## Your objective
With the pictures omitted, set down exactly the lines from the one that contains "SUZUKI SOLIO 2013 г., лот № 7029" through the last line of the data.

--- Data shown ---

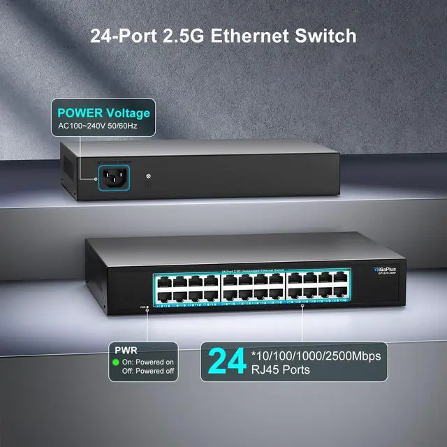 24*2.5G Ultra-Fast Network Speed: The network switch includes 24*100/1000/2500Mbps RJ45 Ethernet ports, ports 1-24 comply with the IEEE802.3bz (2.5G) standard, support 10/100/1000M/2.5G self-adaptation, and 120Gbps switching capacity to meet the needs of high speed network requirements.
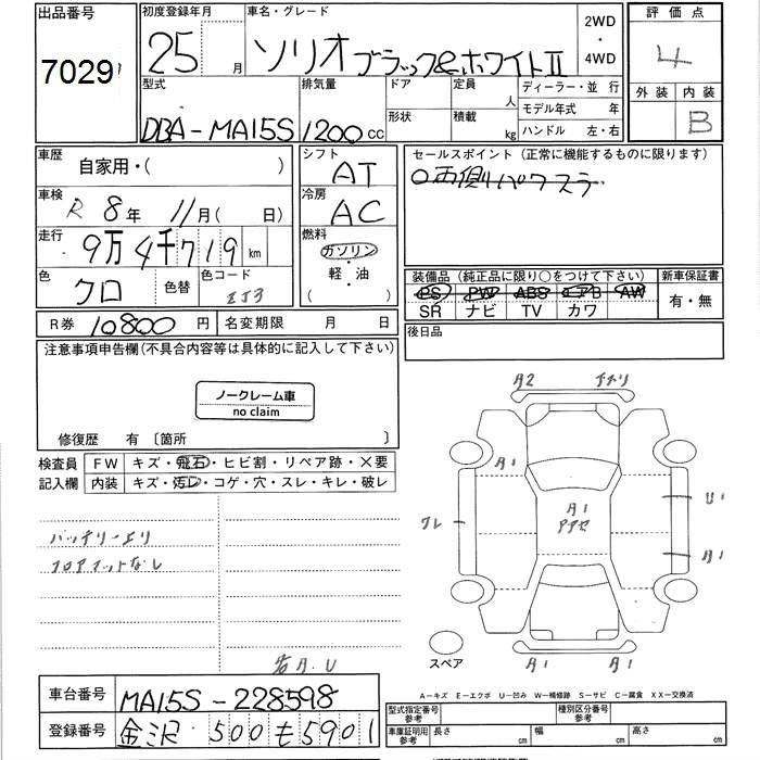 SUZUKI SOLIO 2013 г., лот № 7029
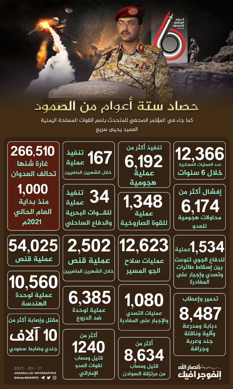 استعرض المتحدث الرسمي للقوات المسلحة العميد يحيى سريع في مؤتمر صحفي له ، الأحد، وبشكل مختصر احصائيات وأرقام تتعلق بالمواجهة العسكرية خلال ست سنوات من الصمود.
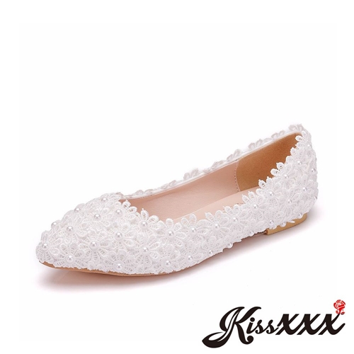 唯美珍珠蕾絲花朵尖頭低跟鞋 白 |
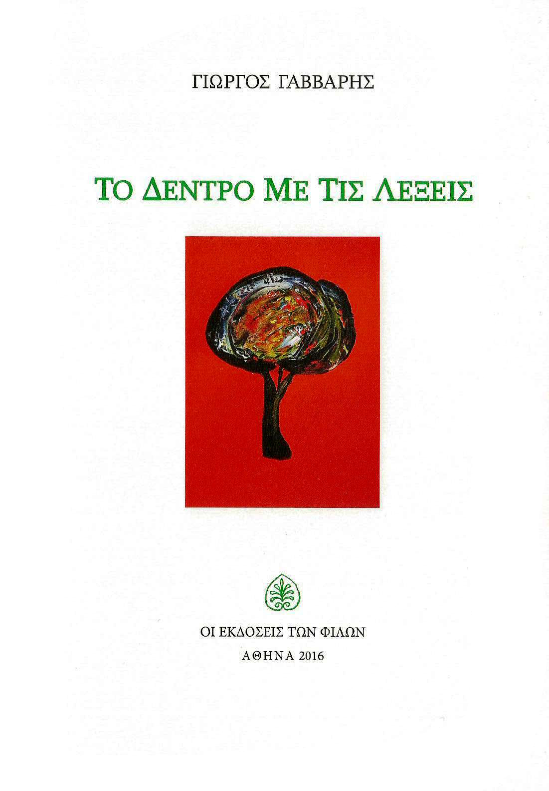 Μικρό το βιβλίο σε μέγεθος, «μεγάλο» σε περιεχόμενο, λιτό και σεμνό, μια όμορφη έκδοση του 2016 από τις «ΕΚΔΟΣΕΙΣ ΤΩΝ ΦΙΛΩΝ», μια ποιητική συλλογή του Γιώργου Γάββαρη με τίτλο:

---

## Task output
 SUZUKI SOLIO 2013 г., лот № 7029
 استعرض المتحدث الرسمي للقوات المسلحة العميد يحيى سريع في مؤتمر صحفي له ، الأحد، وبشكل مختصر احصائيات وأرقام تتعلق بالمواجهة العسكرية خلال ست سنوات من الصمود.
 唯美珍珠蕾絲花朵尖頭低跟鞋 白 |
 Μικρό το βιβλίο σε μέγεθος, «μεγάλο» σε περιεχόμενο, λιτό και σεμνό, μια όμορφη έκδοση του 2016 από τις «ΕΚΔΟΣΕΙΣ ΤΩΝ ΦΙΛΩΝ», μια ποιητική συλλογή του Γιώργου Γάββαρη με τίτλο:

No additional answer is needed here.